Healthy financial and operating statistics. FCT's financial position as at 30 Sep remained at a healthy level of 31.3% (vs. 31.7% at end-3Q) in spite of a 15.3% QoQ increase in total debt, helped by portfolio revaluation gain of S$97.2mn. The average rental rate for renewal leases signed in 4Q was also 7.9% higher than the preceding leases. In addition, its portfolio occupancy improved from 87.6% in 3Q to 95.1%, boosted by sharp recovery in occupancy at CWP from 78.3% to 92.0% in the same period.
Positive outlook. Going forward, we believe FCT will continue to post significant growth in its rental income as the full contribution of CWP and newly-acquired Bedok Point has yet to be realized. According to management, CWP is expected to provide over 20% increase in NPI when the AEI is completed, while its occupancy rate is likely to stay above 90% throughout. Bedok Point, on the other hand, is likely to add S$7m to FY12 NPI.

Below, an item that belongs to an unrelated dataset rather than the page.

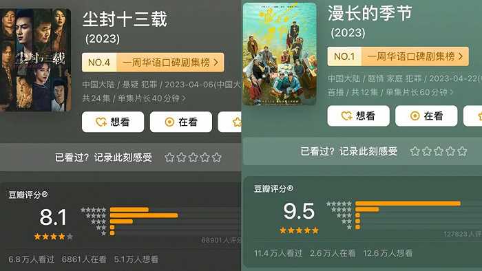 推理悬疑题材仍有稳定受众。1月播出的《大侦探第八季》在4月迎来完结篇,并保持在播放市占榜单第2名,豆瓣有3.5万人打出了8.7的高分。
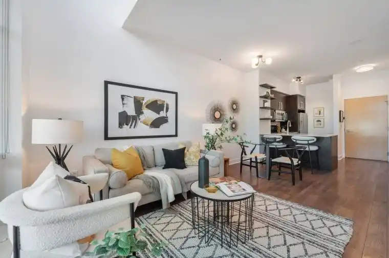 Townhouse-style living meets condo convenience in this spacious 1 bedroom + den, 2 bathroom end unit at 1048 Broadview Ave. With nearly 800 sq ft, soaring 20′ ceilings, and dramatic two-storey windows, the space feels bright and airy. The main level offers an open-concept living/dining area, kitchen with breakfast bar, convenient powder room, and rare dual entrances with direct street access or through the building. Upstairs, the bedroom features double closets, a renovated ensuite bath, and an open den perfect for a home office. Freshly painted with plenty of bonus storage throughout, plus parking and locker included. Steps to groceries, TTC, and the many shops and restaurants along The Danforth.

Upgrade to BUY. We raise our FY12 forecasts by 3.3-8.3% to factor in the latest results and lower cost of debt. We also introduce our FY13 estimates and roll over our RNAV-based valuation to FY12. Consequently, our fair value is now raised from S$1.57 to S$1.68. We turn positive on FCT as its suburban malls are likely to remain relatively resilient even in times of market uncertainty. We also like its strong execution and steady pipeline of assets from its sponsor. Upgrade from Hold to BUY.